Silly next to those billions and billions of miles. On the other hand, everyone says our globe's climate is about to give way. Space miles ought to look theoretical and remote next to that idea. I suppose. I'm more of a shirt/anti-shirt person; that's my level. Big stuff involving physical realities—stupendous, overpowering physical realities on a scale greater than any that I'll ever know—that's all a bill of goods that I take on credit from the people who know. Scientists, really. But the scientists are the ones getting loudest about the shirt. And they're the ones who spent years contriving for that probe to land so far from home. How do they concentrate? If I thought the planet's roof was about to give way, I could think about nothing but that situation and what it meant for me and mine.
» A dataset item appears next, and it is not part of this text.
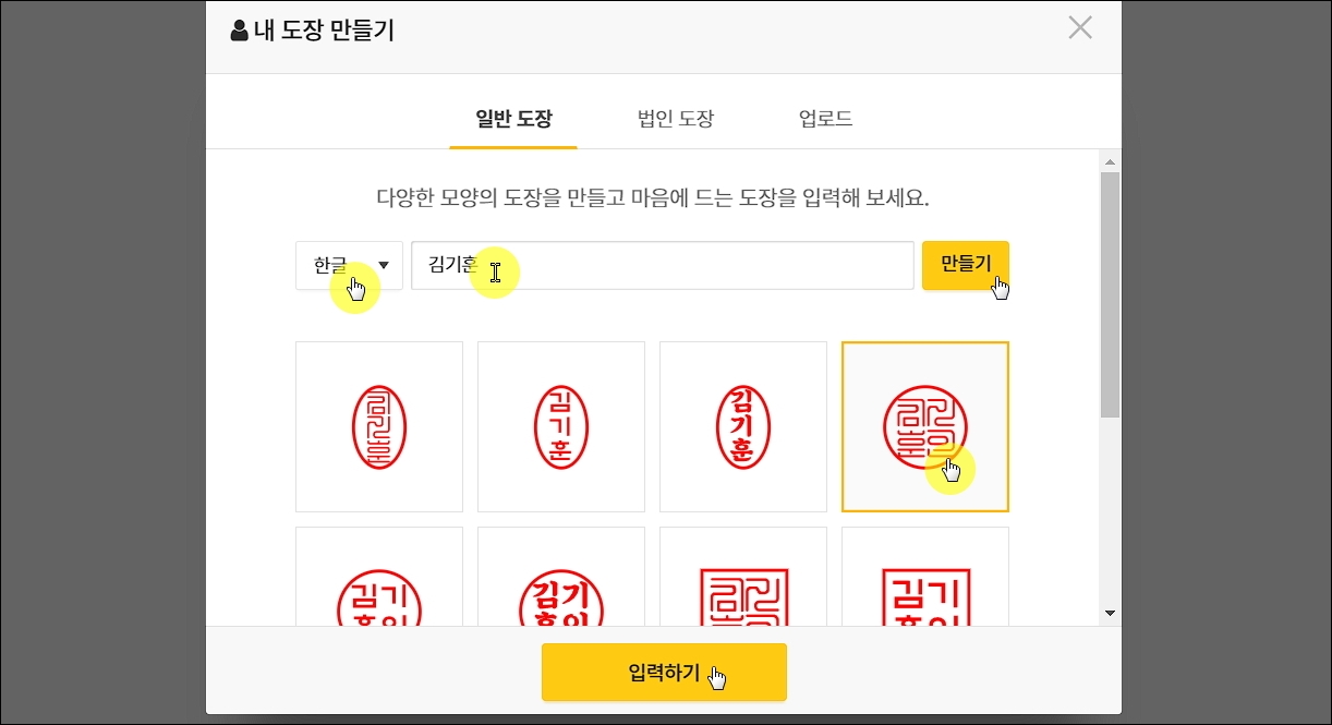 내 마음에 맞는 인터넷 도장만들기 안내.

I wouldn't be able to spread my energies around. I'd be locked into a scramble to head off the disaster or find some way to survive it.
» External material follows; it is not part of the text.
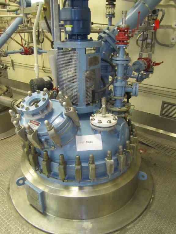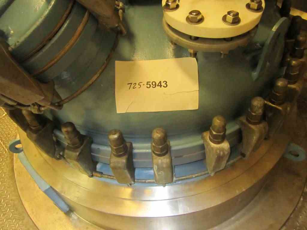 Used Tycon approximately 255 Gal. glass lined reactor. Rated 150 PSI/full vacuum internal @ 450 Deg. F. Jacket rated 150 PSI/full vacuum @ 450 Deg. F. Type 808 glass. Full clamp top. 3-Blade retreat curve agitator. 7.5 HP, 460 volt, XP. Lug Mounted. Built 2000. S/N 8634, NB 13.Estimated Weight 1650#.

I don't mean that global warming is a hoax and nobody believes in it. More like believing in it seems beside the point. I believe in global warming about as little as you can without shifting into neutral. That's because any opinion I have about climate is undergirded by the awareness that I'm scientifically illiterate. That undergirding takes up a lot of space; the opinion itself is a measly thing, a shrug. But raise a person's degree of scientific knowledge, increase their certainty, and you have a scientist, somebody who believes we're living through a historic world crisis but who leaves it at that and moves on to other things: shooting objects at rocks, fussing about future production of women PhD’s. Scientists get impatient with people who don't take their word about climate peril. But then they go about their lives, just like anyone.
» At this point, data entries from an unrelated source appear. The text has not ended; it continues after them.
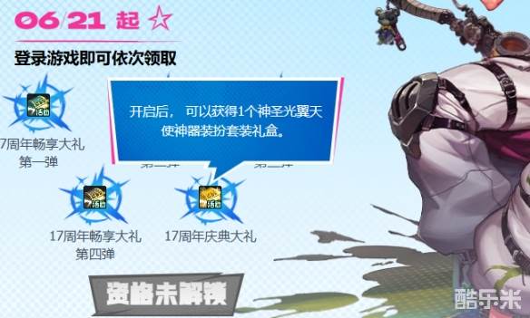3、玩家最快可以在6月29日领取完前面4弹奖励后,直接领取最后的17周年庆典大礼,其中就是“神圣光翼天使神器装扮套装礼盒”。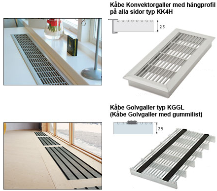 Kåbe Golvgaller installeras utmed glaspartier och skyltfönster som konvektorgaller i golv.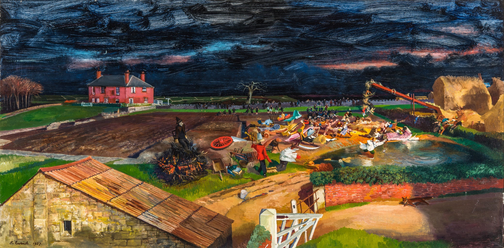 'Men of Straw' (1957), Oil on panel, 50.8 x 101.6 cm, Collection: Nottingham Castle, Museum and Art Gallery, Nottingham, Nottinghamshire, Photo by Paul Carter, © Nottingham Castle Museum and Art Gallery / Richard Eurich Paintings

I know a lot of old people, and they follow TV shows and worry about the branches of their trees being properly trimmed. They're going to die soon, but they wonder what's up with Colbert's move to a new show. Think back to the first time they saw Colbert, and they're looking back over more years than they have left. To me it makes sense that scientists, the one slice of humanity best primed to appreciate our current crisis, would be able to put the matter aside and fiddle along like everybody else. We don't listen to them, really, because nobody is voting out anti-green politicians. They don't listen to themselves, the way most of us don't listen to ourselves when mortality is the subject. All in all, taking into account the scientists and the rest of us, it's like humankind has figured out why it's dying and what it has to do to live, and yet we still won't do it.

Smart as mankind is, it can't get its act together, just can't get its head around the situation. It can never be as smart as it needs, and I bet we're all going to die. Of course, that's a bet nobody loses.